Мечение 3'-концов двуцепочечного фрагмента ДНК проводят с помощью фрагмента ДНК-полимеразы I E. coli или ДНК-полимеразы фага Т4 и соответствующего меченного по α-положению дНТФ (Дезоксирибонуклеозидтрифосфат). Мечение З'-концов как одно-, так и двуцепочечного фрагмента ДНК осуществляют с использованием терминальной трансферазы и меченного по α -положению подходящего нуклеотидного предшественника. В случае с фрагментом ДНК-полимеразы I для эффективного мечения необходимо наличие фрагментов ДНК с выступающими 5'-концами, образованными при расщеплении ДНК определенными рестрикционными эндонуклеазами. Для этого необходимо добавление в реакционную смесь конкретного дНТФ, комплементарного первому нуклеотиду в выступающем участке молекулы. Т.к. фрагмент ДНК-полимеразы I имеет низкую 3' → 5'-экзонуклеазную активность, то возможное мечение тупых и 3'-выступающих концов не принимают во внимание.
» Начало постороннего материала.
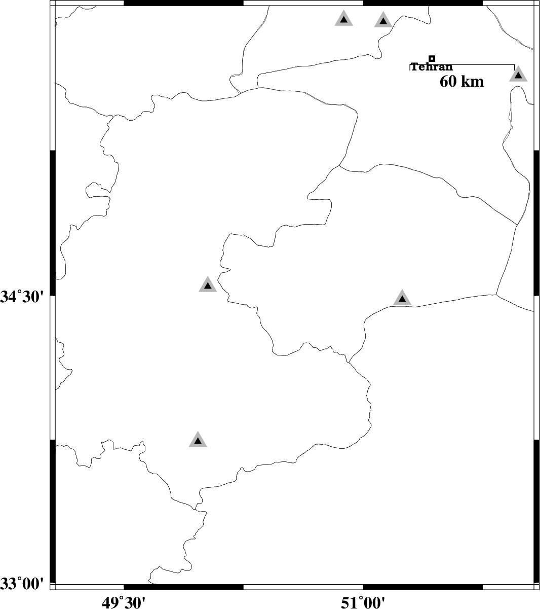 2010/03/21 | 01:07:58.9 | 04:37:58.9 | 34.49 | 50.57 | 46 | ML:2.8 | Qom Province, 33 km South-West of Qom |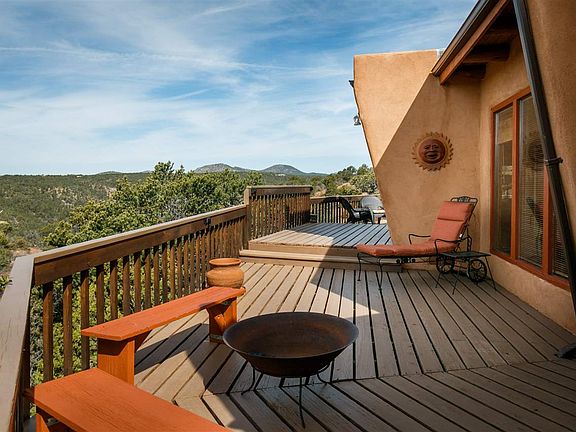 Mountain top home with breathtaking panoramic views bordering the National Forest abundant with wildlife. Pueblo style home features tile flooring, viga ceilings, corbels and nichos. Wood burning stove and kiva fireplace. Home office in loft, rest of home on main level. Landscaped entrance, multiple outdoor spaces. Horses are welcomed. New roof and stucco.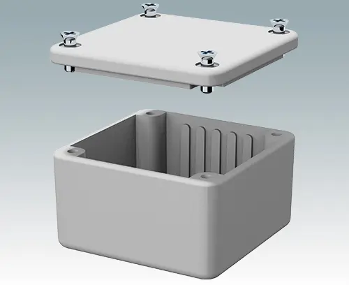 Highly durable and shock resistant diecast enclosure. Vertical guides and stand-offs provided in the base for locating PCBs and assemblies. IP 65 (NEMA 4) sealing gasket and external mounting brackets available as accessories.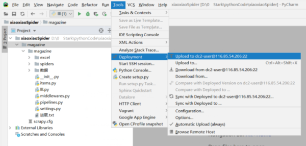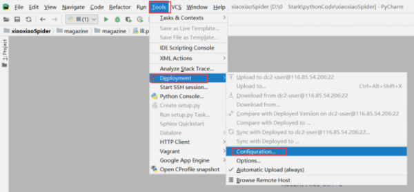 打开pycharm,点击Tools ---> Deployment ---> configuration

Но добавление в реакционную смесь всех четырех дНТФ (один из которых меченый) позволяет полностью исключить эту вероятность, кроме случаев, когда для обоих концов будут требоваться одинаковые меченые дНТФ. Более высокая эффективность мечения может быть достигнута, если в результате расщепления фрагмента ДНК какой-либо рестрикционной эндонуклеазой образуются 5'-выступающие концы с одинаковыми нуклеотидами. Например, рестрикционная эндонуклеаза ЕсоRI генерирует выступающие концы со следующей последовательностью: 5'-ААТТ-3'. Таким образом, в результате мечения могут образоваться более высоко меченные фрагменты ДНК с двумя нуклеотидами, несущими метку.

Библиотека генов - это полный набор клонированных перекрывающихся ДНК-фрагментов. Скриниринг библиотеки генов, осуществляют для поиска нужных последовательностей ДНК. Скрининг библиотек проводят путем гибридизации на фильтрах с олигонуклеотидными, кДНК- или любыми иными ДНК-зондами.
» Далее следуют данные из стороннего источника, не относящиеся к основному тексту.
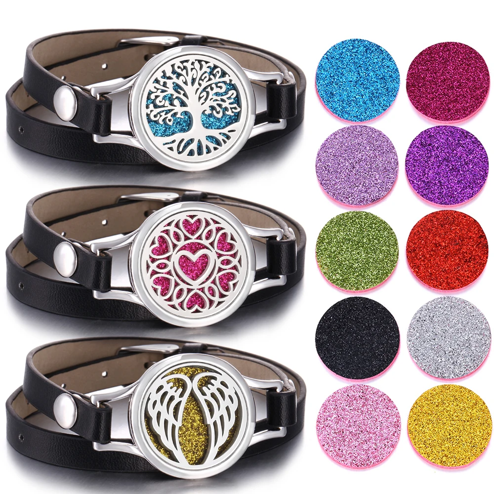 Браслеты с украшениями для ароматерапии, крылья дерева, диффузор эфирного масла, многослойный кожаный браслет, Прямая поставка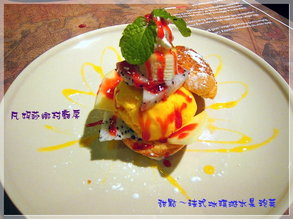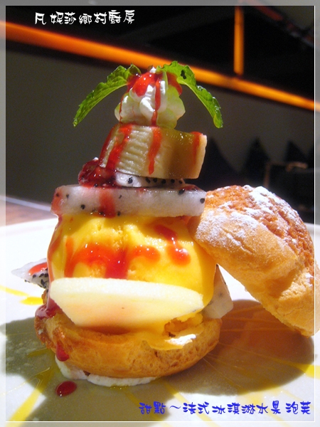再來是法式冰淇淋水果泡芙,顏色超鮮豔,內容也很豐富;原本害怕泡芙冰過之後會濕濕軟軟的影響口感,結果一點都不會喔!還好有把提拉米蘇換成這道冰淇淋泡芙,吃起來超幸福的!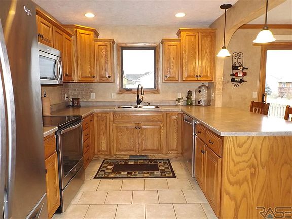 4 bed, 3 bath, 3 stall garage, 2778 finished sq ft, split level entry home with a spacious 6 x 10 foyer and big double closet. Located on a fenced-in 12,637 sq ft corner lot. This home has a fantastic master suite with vaulted ceiling, walk-in closet and double sink vanity. 2 additional bedrooms on main both w/walk-in closets. Kitchen has Dakota Kitchen & Bath cabinets with dovetail drawers, large pantry, stainless steel appliances, breakfast bar, and tons of counter and cabinet space. 13 x 11 dining room with slider to 14 x 14 deck. Lower level includes: 21 x 18 family room with gas fireplace and a flat screen TV; a 14 x 20 activity/MAN CAVE/craft room with can lighting and laminate wood flooring; the 3rd bath and 4th bedroom. Back yard also has a block patio for entertaining or relaxing.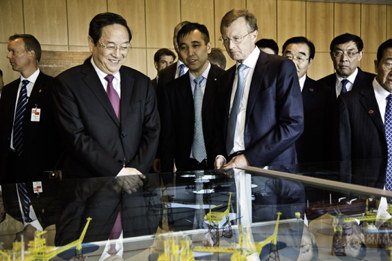 中国国家政协主席俞正声在丹麦友好访问期间,于2013年6月7日前往马士基集团位于哥本哈根的集团总部进行了参观访问。
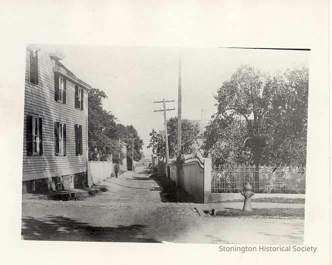 Wall Street before 1938 hurricane. de Moura house on left, 23 Main Street
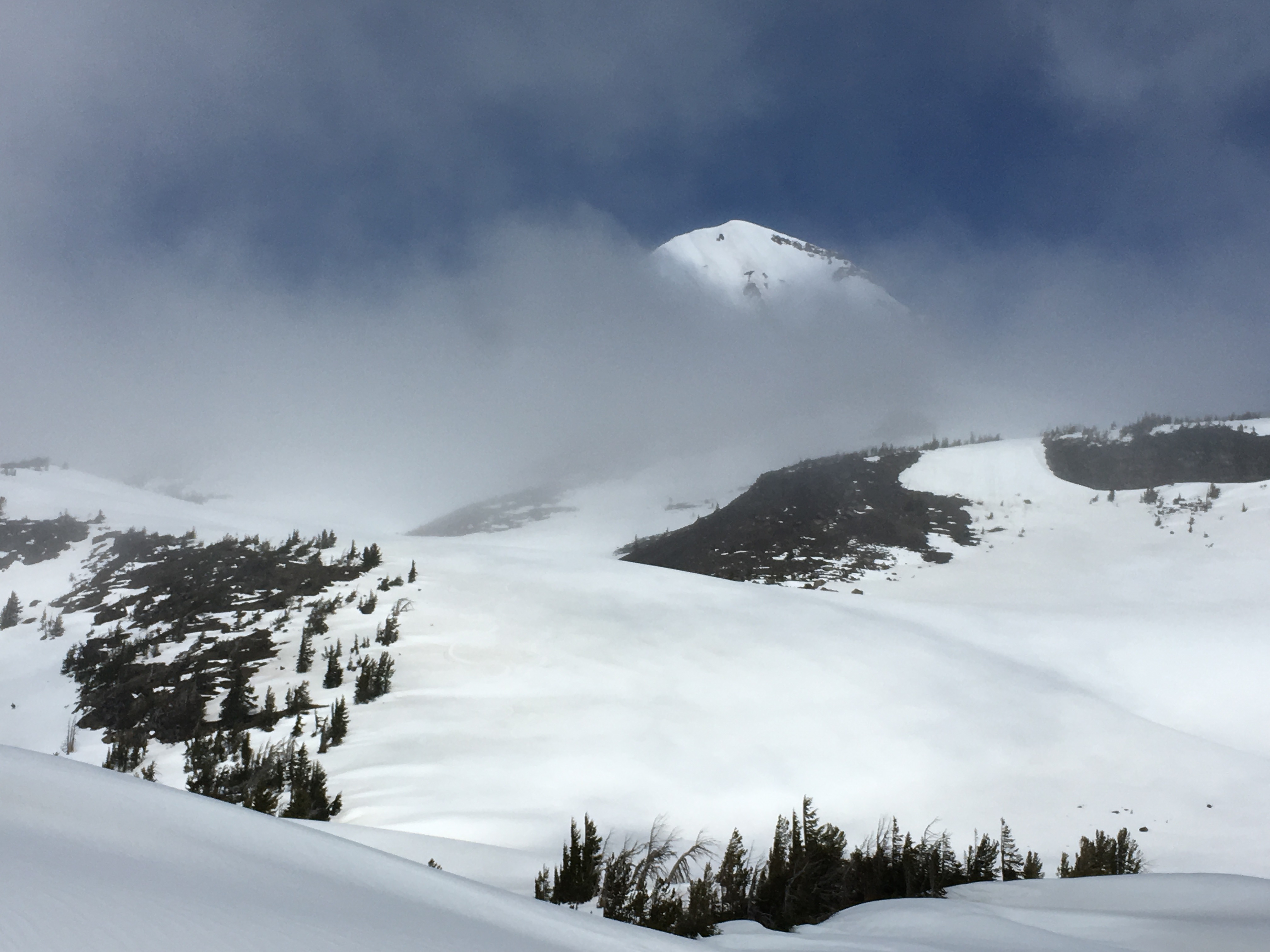 The weather rolled in and out between South and Middle all morning, with the peaks completely socked in for a good chunk of it. Around noon, we got to a saddle close to north and could see a clear path up with some nice tracks coming down the ridge. But as we started to climb, we realized the snow was already too manky to make a lot of progress. After a lot of hesitation, we ended up calling it due to the late hour, soft snow, and lack of visibility.

Скрининг включает несколько последовательньгх этапов:

1. высевание химерных фагов библиотеки на газон бактерий, растущих на поверхности твердой питательной среды в чашках Петри (каждая литическая бляшка на бактериальном газоне - результат инфицирования клеток одним клоном фага);

2. «перепечатывание» полученных культур на другие чашки Петри с целью их дублирования;

3. перенос растущих и лизированных исходных колоний на фильтр с одновременным разрушением клеточных мембран, фиксированием белков и ДНК;

4. блот-гибридизация с меченым олигонуклеотидным зондом.

5. Заключительный этап скрининга включает выявление положительных колоний фагов методом радиоавтографии и их отбор на дублированных культурах. С целью избежания ошибок проводят неоднократный скрининг отобранных колоний.